What needs to be done | Can you return the records below exactly as they stand, but only from the first line through the one with "石神井西尋常小学校アrahamaより"?

Extracted entries |
=== Begin Enclosure ===

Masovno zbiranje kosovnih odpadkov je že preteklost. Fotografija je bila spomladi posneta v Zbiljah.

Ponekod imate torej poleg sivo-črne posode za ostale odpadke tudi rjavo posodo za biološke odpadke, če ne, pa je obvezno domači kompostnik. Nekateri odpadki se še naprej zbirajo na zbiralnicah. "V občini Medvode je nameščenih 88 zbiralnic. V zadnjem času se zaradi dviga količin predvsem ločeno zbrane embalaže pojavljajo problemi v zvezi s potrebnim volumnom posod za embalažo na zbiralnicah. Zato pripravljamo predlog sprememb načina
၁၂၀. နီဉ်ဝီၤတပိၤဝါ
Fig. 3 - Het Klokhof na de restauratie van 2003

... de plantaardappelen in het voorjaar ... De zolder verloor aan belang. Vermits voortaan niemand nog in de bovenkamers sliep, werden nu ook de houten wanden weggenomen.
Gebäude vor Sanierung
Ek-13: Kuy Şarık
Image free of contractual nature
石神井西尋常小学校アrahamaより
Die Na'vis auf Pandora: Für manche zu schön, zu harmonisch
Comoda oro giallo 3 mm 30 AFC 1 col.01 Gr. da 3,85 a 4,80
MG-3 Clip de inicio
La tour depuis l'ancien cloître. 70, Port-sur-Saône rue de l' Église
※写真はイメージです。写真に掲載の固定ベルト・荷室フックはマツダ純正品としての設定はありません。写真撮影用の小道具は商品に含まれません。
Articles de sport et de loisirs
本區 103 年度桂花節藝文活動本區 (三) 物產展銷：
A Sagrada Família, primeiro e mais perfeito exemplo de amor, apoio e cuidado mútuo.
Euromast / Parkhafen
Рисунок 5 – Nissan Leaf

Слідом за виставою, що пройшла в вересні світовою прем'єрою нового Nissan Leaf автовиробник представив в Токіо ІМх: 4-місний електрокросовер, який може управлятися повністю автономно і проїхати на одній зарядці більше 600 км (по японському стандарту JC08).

=== End Enclosure ===

Output for this task |
Masovno zbiranje kosovnih odpadkov je že preteklost. Fotografija je bila spomladi posneta v Zbiljah.

Ponekod imate torej poleg sivo-črne posode za ostale odpadke tudi rjavo posodo za biološke odpadke, če ne, pa je obvezno domači kompostnik. Nekateri odpadki se še naprej zbirajo na zbiralnicah. "V občini Medvode je nameščenih 88 zbiralnic. V zadnjem času se zaradi dviga količin predvsem ločeno zbrane embalaže pojavljajo problemi v zvezi s potrebnim volumnom posod za embalažo na zbiralnicah. Zato pripravljamo predlog sprememb načina
၁၂၀. နီဉ်ဝီၤတပိၤဝါ
Fig. 3 - Het Klokhof na de restauratie van 2003

... de plantaardappelen in het voorjaar ... De zolder verloor aan belang. Vermits voortaan niemand nog in de bovenkamers sliep, werden nu ook de houten wanden weggenomen.
Gebäude vor Sanierung
Ek-13: Kuy Şarık
Image free of contractual nature
石神井西尋常小学校アrahamaより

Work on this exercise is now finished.